【⒊ 次期総合計画に向けての追加テーマ】
地球温暖化がもたらす気候変動は、世界各地の気象状況を大きく変えつつある。森林減少・砂漠化・氷河・凍土氷解・海面上昇などが、食料生産や経済活動に大きな打撃を与えるとともに、気象災害の大規模化・頻発化により人々の生命を脅かすなど、人類の存続に極めて重大な影響を及ぼすものとなっている。
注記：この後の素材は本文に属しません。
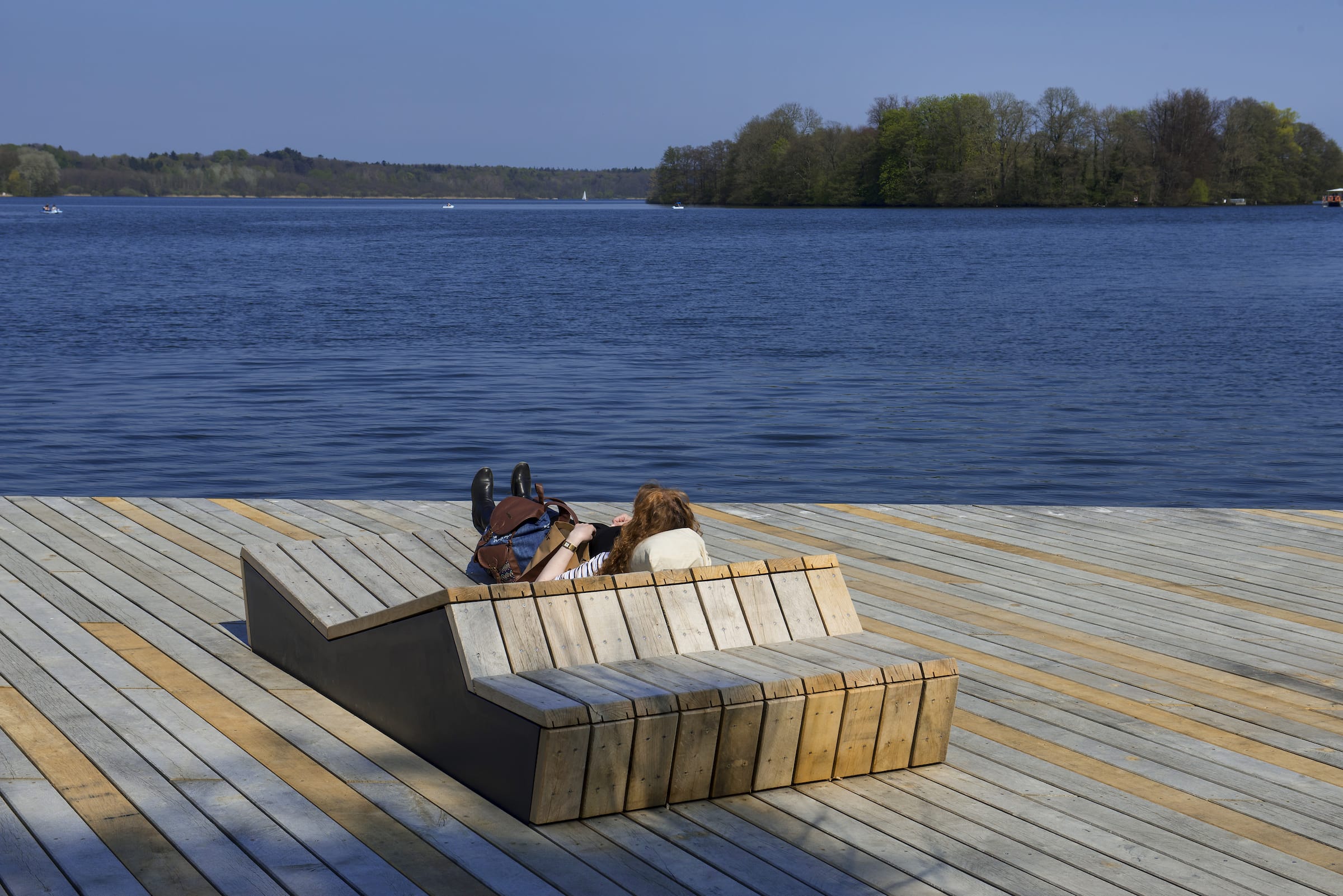 The offerings are situated along new park axes that – in reference to the historic Lindenallee in the Schlossgarten – also function as paths and visual axes that proceed into the lake as wooden piers, widen at their ends to form seating platforms and create appealing new opportunities for recreation directly at the water. With its views of the lake, Stadtbucht and the castle, the water is now an integral component of the park. An additional aspect is the selective access to the lakeshore, which serves to protect the surrounding shore areas and reed populations. While significant clearing was undertaken to create the park axes, sightlines and expansive recreational meadows, the alder swamp forest along the shore areas in the park’s north was ecologically restored.
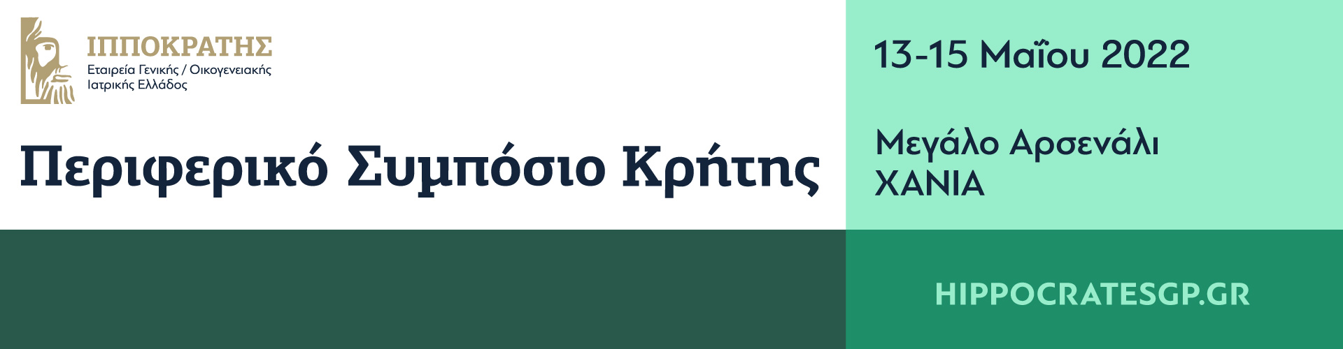 Ο ‘‘ΙΠΠΟΚΡΑΤΗΣ’’ ακολουθώντας πιστά το πρόγραμμα της Συνεχιζόμενης Ιατρικής Εκπαίδευσης (CME) των Γ/ΟΙ για το 2022, διοργανώνει το ‘‘Περιφερικό Συμπόσιο Κρήτης - Ιπποκράτειες Ημέρες Π.Φ.Υ ’’ στις 13-15/05/2022 στο Μεγάλο Αρσενάλι Χανίων.
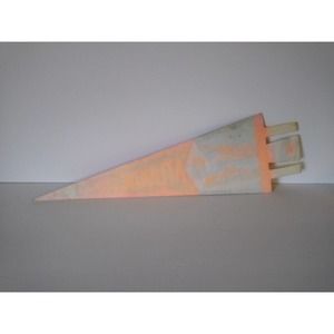 Vintage uncut tab felt banner. Appears unused. Circa 1978 - early 1980's. Size is 16.5" long and 5" at widest part. Has some age wear stains.

私たちの身近なところでも、令和元年10月の台風19号のような、かつて経験したことのない気象災害が今後頻発する可能性があり、箱根が深いダメージを負ったように、気候変動は身近な地域の暮らしや経済にも深刻な被害をもたらし、その影響も長期化する。
防災対策や復旧対策は当然のこととして、気候変動そのものを鎮静化させる取り組みが人類にとって最重要課題となっており、地域における様々な取り組みの中でも、地球温暖化抑制に資する政策判断や脱炭素型地域づくりが、様々な政策課題に優先して取り組まれるべきである。そうした観点から、脱炭素に繋がる官民の取り組みに対しては、高い優先順位を付けて実施・支援していく。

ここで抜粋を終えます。